Ron was talking quickly and excitedly to Hermione, but he broke off mid-sentence when he saw Harry, panting and out of breath.

"Hey," he said. "Where'd you get to this morning?"

Harry wanted to tell them everything that had happened, but people were coming out of the Great Hall by themselves or in small groups, and they could easily be overheard.

"Not now," said Harry. "I'll tell you everything later."

As luck would have it, they had Charms first that morning—the easiest class in which to hold a conversation without being overheard.

Once he was sure no one was listening (everyone was busy practicing and talking to those around them), Harry proceeded to tell Ron and Hermione all about the dream he'd had, his conversation with Dumbledore, and Voldemort's voice in his head.

Stunned silence greeted his words.

"Bellatrix—You-Know-Who talked—you think—?" Ron seemed to be having trouble deciding which topic to address first. Fortunately, Hermione was much more capable with words.

"So Bellatrix and Voldemort dated when they were at Hogwarts? And Dumbledore suspects that Voldemort was just using her, but you think it was real and want to use Bellatrix to defeat him? Only Voldemort's found out, and now he's messing with your head—literally."

"That about sums it up," Harry replied as Hermione cast Ron an annoyed look. He was wincing so hard from hearing the name Voldemort three times in such rapid succession that it looked as though he'd just been kicked quite hard under the table.

That night, Harry lay awake in bed, thinking.

Bellatrix…perhaps he could blackmail her, get her to talk to Voldemort, yell at him, tell him _she_ never loved _him_, weaken him somehow…

The thought was laughable.
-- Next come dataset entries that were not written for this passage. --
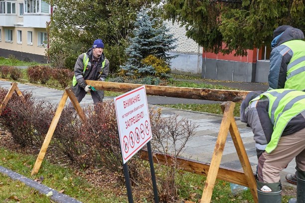 В рамках осенних работ специалисты "Зеленого города" трудятся над созданием надежной защиты для растений. Кустарники, как молодые, так и взрослые, аккуратно связываются, а живые изгороди получают специальные укрытия.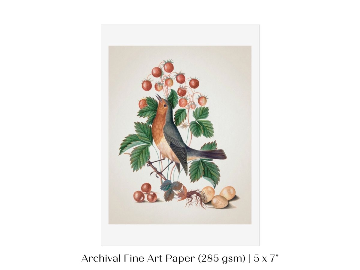 Robin and Strawberries Illustration | P385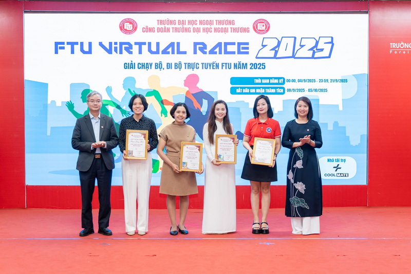 Nhân dịp Chào mừng Ngày Truyền thống trường Đại học Ngoại thương 15/10/2025, Nhà trưởng tổ chức trao tặng các danh hiệu thi đua và khen thưởng cho các tập thể và cá nhân năm 2024. Trao Giải các tập thể, cá nhân đạt thành tích xuất sắc tại “FTU Virtual Race 2025”- Giải chạy bộ, đi bộ trực tuyến FTU năm 2025. Đại diện Công đoàn Trường và Phòng TT&QHĐN tặng hoa và quà tri ân đại diện Fastech Asia (nhãn hàng Coolmate) - Nhà tài trợ quà tặng hiện vật cho “FTU Virtual Race 2025” - Giải chạy bộ, đi bộ trực tuyến FTU năm 2025. Hướng đến chào mừng 65 năm thành lập trường Đại học Ngoại Thương, Công đoàn trường ĐH Ngoại Thương phát động phong trào “Green corner-Green University” với thông điệp “Hành động nhỏ- Ý nghĩa lớn” cho ngôi trường FTU “Xanh – Hạnh phúc”.

Of the two of them, it didn't take a genius to figure out that Bellatrix would take her chances with Harry before Voldemort, even if he did manage to find her, catch her off guard, pull his wand on her, and threaten to kill her, which she wouldn't believe he was capable of doing, anyway. Voldemort would kill her if she acted defiant to him, and she would know it. No, that whole plan was too far-fetched and impossible to consider.
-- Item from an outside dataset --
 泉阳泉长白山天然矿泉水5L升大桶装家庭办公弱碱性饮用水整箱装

Still, he would need to get to Bellatrix somehow, which was impossible in itself, and then what? He captured her and used her to lure Voldemort to him, then told Voldemort to drop his wand and back off or he'd kill his girlfriend? Right. This time Harry really did laugh out loud.

His laughter quickly turned to a frustrated growl as he rolled over in his bed. This was impossible. Maybe he should just scrap the whole Bellatrix idea completely, and go back to the original, most likely long-term, plan of just destroying all the Horcruxes individually and then dueling Voldemort and hoping to come out alive.

He drifted off to sleep wearily, hope fading away…

Miles away, in an old abandoned home in London, the Death Eaters were just sitting down to eat. These were the few still left, the ones who had rallied around Voldemort again and who had not been sent on the mission to the Ministry and captured the night before.

The room was large and dusty, the long wooden table covered with plates of mostly stolen food. Living in hiding did not suit Voldemort well. Although he was used to it, he still glared around the dusty kitchen, angry at the knowledge of how close he'd come not only to hearing the prophecy, but also to killing Harry Potter and Dumbledore, his greatest threats. Now, instead of reveling openly in his triumphs, he was holed up yet again, laying low in abandoned hovels and eating stolen food while the idiotic Ministry finally got its facts straight and informed the world of his return…and of his defeat the night before.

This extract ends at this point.